There is "no rush" to retrieve uranium from nuclear sites the US bombed in June 2025, Trump said, adding that taking the highly enriched uranium is something the US wants "psychologically," but not enough to prioritize extracting it right away.
One could make the argument, he said, that it wasn't worth the effort to take the material at all.
"Frankly, to go get it—we're going to go get it—but to go get it is a big deal, because they say only China and us have the equipment," said the president. "You could make the case, 'Why do you even bother?' because it's not very valuable, you know. It's probably half a million dollars worth, it's not very valuable stuff."
Trump is backing away from getting Iran's enriched material: "You could make the case, why even bother? It's not very valuable stuff." pic.twitter.com/CgNgnZCaMQ
— Aaron Rupar (@atrupar) June 16, 2026
Trump's comments came a day after he and the Iranian government announced they had reached a memorandum of understanding (MOU) to end the war. The president told The New York Times that the agreement includes a requirement that Iran will be limited to enriching uranium only to levels that "could never be used by the military."
White House officials, though, told The Washington Post that details of Iran's nuclear program will be subject to negotiations over the next two months. The question of whether talks on the nuclear program could be held separately, after a deal to end the war was reached, had been a major sticking point for the US leading up to the MOU.
Trump brushed off suggestions that the deal to end the war, in which Iran demonstrated its economic might by effectively closing the Strait of Hormuz and sending energy prices skyrocketing—obtained no guarantees on Iran's nuclear program that hadn't already been secured in 2015 in the Joint Comprehensive Plan of Action, which was brokered by the Obama administration and which limited Iran's nuclear program in exchange for sanctions relief. Trump exited the JCPOA during his first term.
Iran will only be able to enrich uranium “for nonmilitary purposes. Forever," said Trump on Monday.
On Fox News on Monday, former National Security Council chief of staff Alex Gray insisted the president had secured a deal that, for the first time, would stop Iran from developing a nuclear weapon. Before the US and Israel began attacking Iran in February, the Middle Eastern country maintained that its nuclear power program was not for military purposes.
While Trump's supporters insisted the war and the MOU had made clear Trump had drawn a hard line on Iran's nuclear capacity, his comments on Tuesday were taken by foreign policy analyst Logan McMillen as an admission that "the uranium was a false justification for war."
"The real purpose was to punish Iran for the crime of being an independent economic power that refused to participate in America’s petro economy," said McMillen.
At CNN, Aaron Blake noted that Trump has spent weeks sending inconsistent messages about his demand that Iran end its nuclear program.

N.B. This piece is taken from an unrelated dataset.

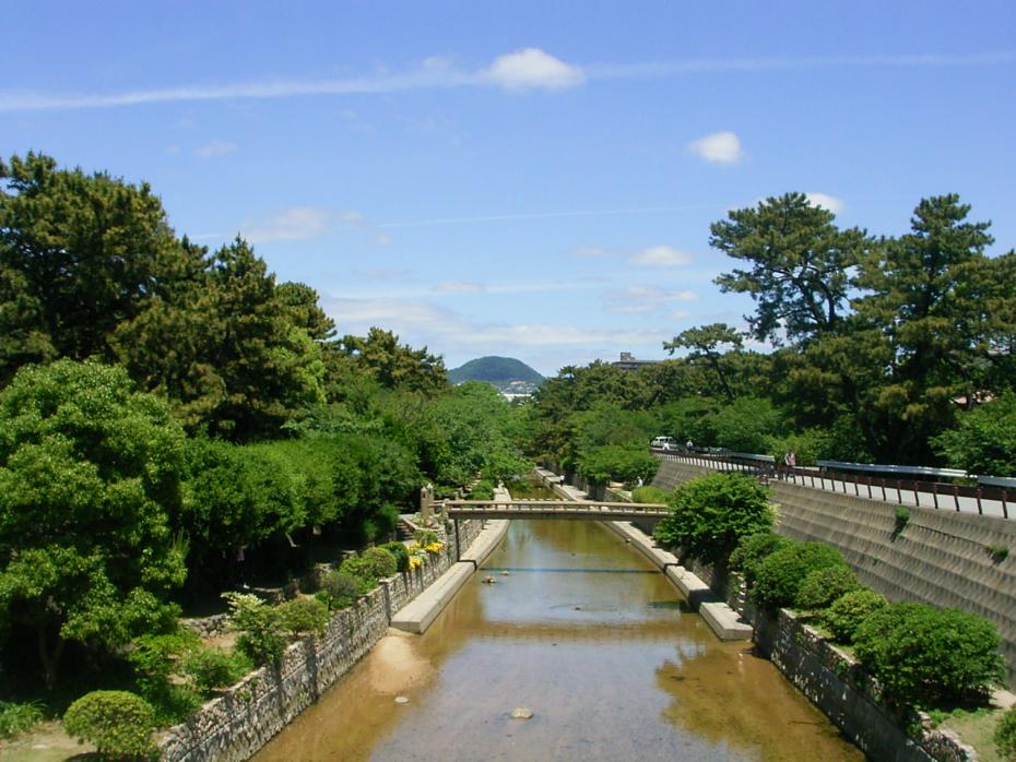| 浜夙川橋から見る緑あふれる夙川公園と西宮市のランドマークである甲山 |

Late last month, the president said on social media that Iran's uranium "will be unearthed by the United States... in close coordination and conjunction with the Islamic Republic of Iran, plus the International Atomic Energy Agency, and DESTROYED.”
But in April, Trump told Reuters that US strikes last year had left Iran's uranium "so far underground, I don’t care about that."
Two weeks later, he again said that the US had "to take that nuclear dust," before telling Fox News last month that destroying the uranium was not "necessary except from a public relations standpoint."